Halleck assumes command in the field—­the advance upon Corinth —­occupation of Corinth—­the army separated.

General Halleck arrived at Pittsburg landing on the 11th of April and immediately assumed command in the field.  On the 21st General Pope arrived with an army 30,000 strong, fresh from the capture of Island Number Ten in the Mississippi River.  He went into camp at Hamburg landing five miles above Pittsburg.  Halleck had now three armies:  the Army of the Ohio, Buell commanding; the Army of the Mississippi, Pope commanding; and the Army of the Tennessee.  His orders divided the combined force into the right wing, reserve, centre and left wing.  Major-General George H. Thomas, who had been in Buell’s army, was transferred with his division to the Army of the Tennessee and given command of the right wing, composed of all of that army except McClernand’s and Lew.  Wallace’s divisions.  McClernand was assigned to the command of the reserve, composed of his own and Lew.  Wallace’s divisions.  Buell commanded the centre, the Army of the Ohio; and Pope the left wing, the Army of the Mississippi.  I was named second in command of the whole, and was also supposed to be in command of the right wing and reserve.

Orders were given to all the commanders engaged at Shiloh to send in their reports without delay to department headquarters.  Those from officers of the Army of the Tennessee were sent through me; but from the Army of the Ohio they were sent by General Buell without passing through my hands.  General Halleck ordered me, verbally, to send in my report, but I positively declined on the ground that he had received the reports of a part of the army engaged at Shiloh without their coming through me.  He admitted that my refusal was justifiable under the circumstances, but explained that he had wanted to get the reports off before moving the command, and as fast as a report had come to him he had forwarded it to Washington.

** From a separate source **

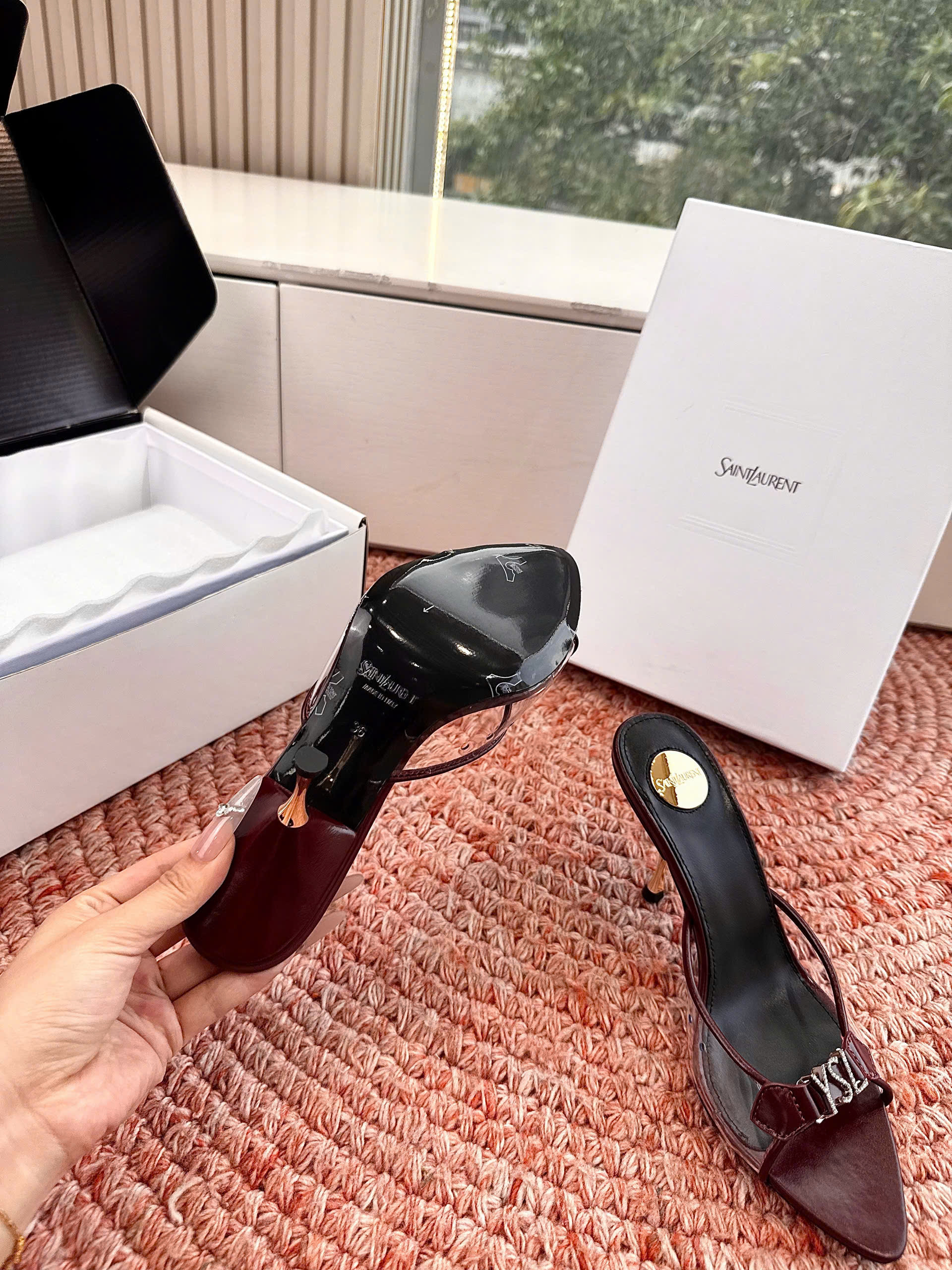 • Tên sản phẩm: Sandal cao gót Saint Laurent mũi nhọn dây mảnh 26SS – G013

Preparations were at once made upon the arrival of the new commander for an advance on Corinth.  Owl Creek, on our right, was bridged, and expeditions were sent to the north-west and west to ascertain if our position was being threatened from those quarters; the roads towards Corinth were corduroyed and new ones made; lateral roads were also constructed, so that in case of necessity troops marching by different routes could reinforce each other.  All commanders were cautioned against bringing on an engagement and informed in so many words that it would be better to retreat than to fight.  By the 30th of April all preparations were complete; the country west to the Mobile and Ohio railroad had been reconnoitred, as well as the road to Corinth as far as Monterey twelve miles from Pittsburg.  Everywhere small bodies of the enemy had been encountered, but they were observers and not in force to fight battles.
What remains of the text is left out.